From the first line of the data down to and including the line with "Old Leather Journal on a Green Background.", copy everything exactly, leaving out pictures.

=== DATA EXTRACT ===
*** Block opens ***

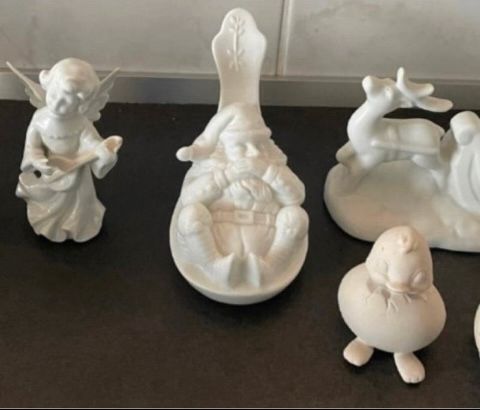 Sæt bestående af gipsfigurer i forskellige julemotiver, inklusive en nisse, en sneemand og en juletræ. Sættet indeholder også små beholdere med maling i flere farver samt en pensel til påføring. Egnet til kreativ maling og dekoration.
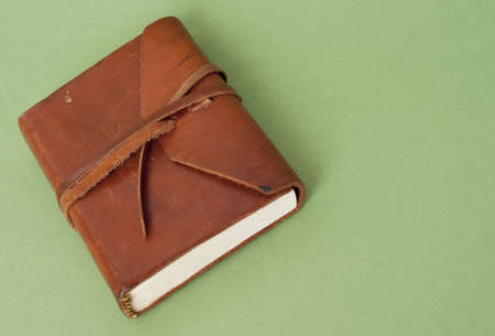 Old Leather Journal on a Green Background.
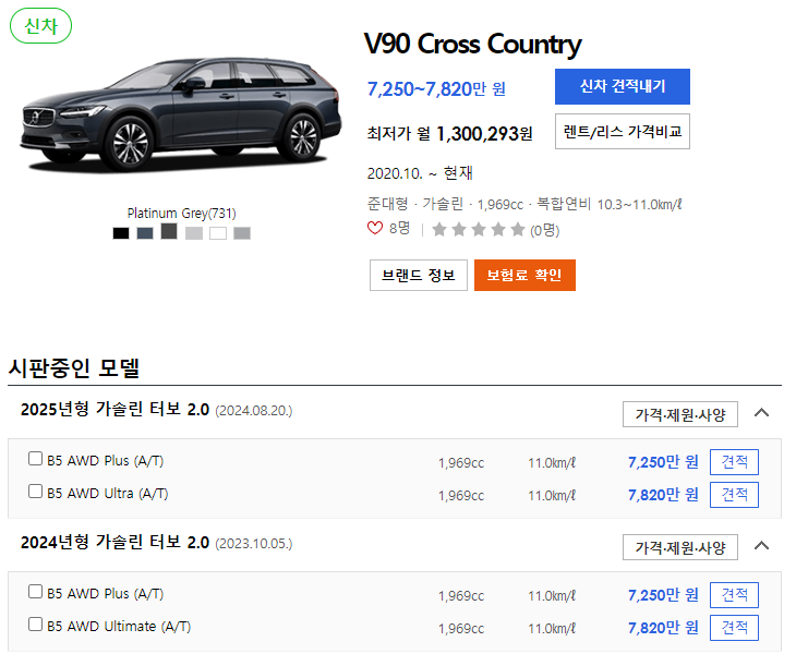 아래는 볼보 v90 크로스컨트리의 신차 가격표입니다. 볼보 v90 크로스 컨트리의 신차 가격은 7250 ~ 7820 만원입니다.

*** Block closes ***

=== SOLUTION TO THIS TASK ===
 Sæt bestående af gipsfigurer i forskellige julemotiver, inklusive en nisse, en sneemand og en juletræ. Sættet indeholder også små beholdere med maling i flere farver samt en pensel til påføring. Egnet til kreativ maling og dekoration.
 Old Leather Journal on a Green Background.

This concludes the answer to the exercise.